DATA IN THIS EXERCISE:
--------------------------------

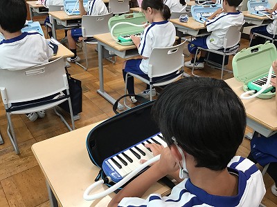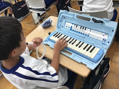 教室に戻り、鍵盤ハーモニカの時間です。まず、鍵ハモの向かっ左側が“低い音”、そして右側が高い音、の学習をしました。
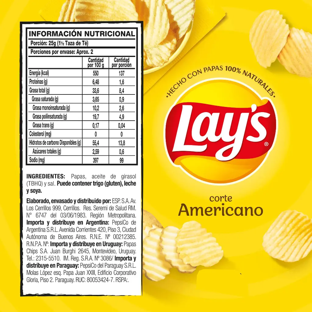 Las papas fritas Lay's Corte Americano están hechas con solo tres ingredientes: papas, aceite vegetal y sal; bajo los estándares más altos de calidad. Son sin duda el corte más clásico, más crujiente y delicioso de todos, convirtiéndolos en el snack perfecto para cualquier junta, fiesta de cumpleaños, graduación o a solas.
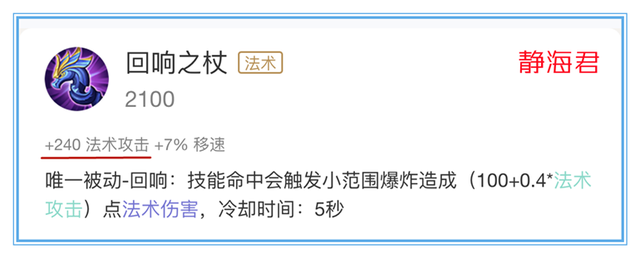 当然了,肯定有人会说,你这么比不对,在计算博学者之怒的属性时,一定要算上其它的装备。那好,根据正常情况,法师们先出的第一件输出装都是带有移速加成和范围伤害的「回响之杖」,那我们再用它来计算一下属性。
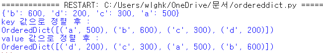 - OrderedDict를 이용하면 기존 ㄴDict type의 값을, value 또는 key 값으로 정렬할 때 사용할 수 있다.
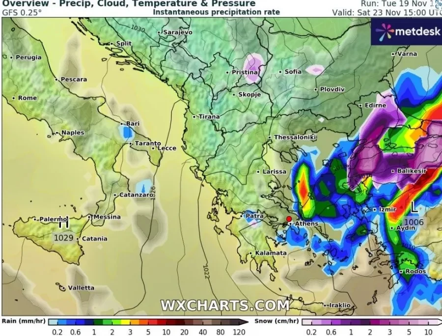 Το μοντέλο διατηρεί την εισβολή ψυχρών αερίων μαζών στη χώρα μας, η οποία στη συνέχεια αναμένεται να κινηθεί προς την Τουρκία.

--------------------------------

EXERCISE DIRECTIONS: Write out again, word for word, the lines from the one holding "当然了,肯定有人会说,你这么" through the final line of the listing, including both ends but no pictures.

WRITTEN SOLUTION:
 当然了,肯定有人会说,你这么比不对,在计算博学者之怒的属性时,一定要算上其它的装备。那好,根据正常情况,法师们先出的第一件输出装都是带有移速加成和范围伤害的「回响之杖」,那我们再用它来计算一下属性。
 - OrderedDict를 이용하면 기존 ㄴDict type의 값을, value 또는 key 값으로 정렬할 때 사용할 수 있다.
 Το μοντέλο διατηρεί την εισβολή ψυχρών αερίων μαζών στη χώρα μας, η οποία στη συνέχεια αναμένεται να κινηθεί προς την Τουρκία.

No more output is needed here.